I know that gforth stores characters as their codepoints in the stack, but the material I'm learning from doesn't show any word that helps to convert each character to codepoint.
I also want to sum the codepoints of the string. What should I use to do that?
In Forth we distinguish primitive characters (usually an octet that covers ASCII) and extended characters (usually Unicode).
Any character is always represented in the stack as its code point, but how extended characters are represented in memory is implementation depended.
See also Extended-Character word set:
Extended characters are stored in memory encoded as one or more primitive characters (pchars).
So to convert a character into a code point it's enough to read this character from the memory.
To read a primitive character, we use c@ ( c-addr -- char )
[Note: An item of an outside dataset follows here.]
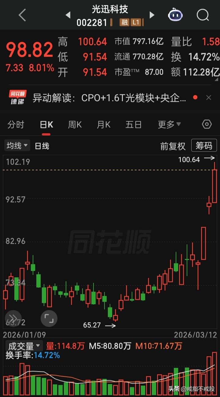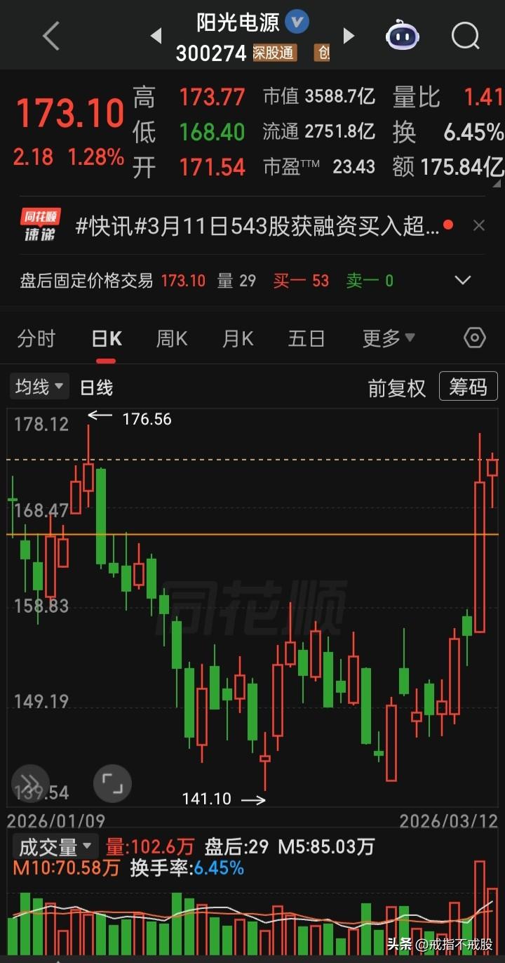 【每日观察2026.03.12】美以对伊中东战火持续第13天中,不总成交额24606亿比上个交易日缩量677亿、上涨1494家下跌3893家、涨停64家跌停6家的情况下,谁在成交额前十 华工科技277.38亿,跌5.17% 阳光电源175.84亿,涨1.28% 中国能建174.58亿,涨停 金凤科技146.91亿,涨3.47% 新易盛 133.09亿,跌3.68% 中际旭创129.06亿,跌3.58% 天孚通信116.19亿,涨0.92% 宁德时代115.38亿,跌0.33% 光迅科技112.28亿,涨8.01% 华胜天成111.85亿,跌2.78%

: sum-codes ( c-addr u -- sum ) 0 -rot over + swap ?do i c@ + 1 chars +loop ;
\ test
"test passed" sum-codes .
NB: native string literals are supported in the recent versions of Gforth. Before that you need to use the word s"
as s" test passed"
.
To read an extended character, we can use xc@+ ( xc-addr1 -- xc-addr2 xchar )
: sum-xcodes ( c-addr u -- sum )
over + >r 0 swap
begin ( sum xc-addr ) dup r@ u< while
xc@+ ( sum xc-addr2 xchar ) swap >r + r>
repeat drop rdrop
;
\ test
"test ⇦ ⇨ ⇧ ⇩" 2dup dump cr sum-xcodes . cr
dump
shows that in Gforth the extended characters are stored in the memory in UTF-8 encoding.